I don't doubt that he could have added something to the game, but when I said "Make a Rogue or Fighter" I meant it. For everyone. Based on my previous experiences
When I said ""No Psionicists" I meant for anyone who wanted to play, again based on my previous experiences.
And when I say "no cross gender" Guess who I mean...and guess why.
They're somehow overpowered for your game? What powers do females
have in your game?
Seriously, this is a false analogy. Being male or being female doesn't involve too much in the way of powers, at least not powers that show up very often.
Instead, what you have are subtle (and sometimes not so subtle) social, cognitive, and emotional differences. A DM who intends to run a well-rounded, complete game with a certain degree of versimilitude needs to be able to understand those differences. That is, unless his world doesn't have any women in it.
I do not understand the reluctance of some DM's to allow players to use cross-gender RP to explore those differences and understand them better.
I don't have the option to play very often.

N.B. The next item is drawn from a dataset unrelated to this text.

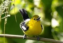 黑翅雀鹎:体重14-19克,体长11.5-16厘米。是树栖性绿色小鸟,外形与叶鹎相似,下体黄色。鸟喙直,翼长而尖,总体羽毛是绿色和黄色相结合,翼上具两道明显近白色横纹,翼近黑而羽缘白。…全部>>

I'm almost always the DM. Whenever I am a player, I try to play a character that is different from me in important ways, so that I can explore different ways of thinking in order to be a better DM. One of the most challenging of these is to play a woman.
Why is this more challenging than, say, playing an Elf?
Simple.
There aren't any Elves across the table evaluating my portrayal, as to its versimilitude.
So at one time, I have an alien way of thinking (well, not TOO alien, but different enough) that I may never understand completely, that I really should be able to do a decent job of to run a game well, that has expert practitioners all around me.
It's like swimming with dolphins.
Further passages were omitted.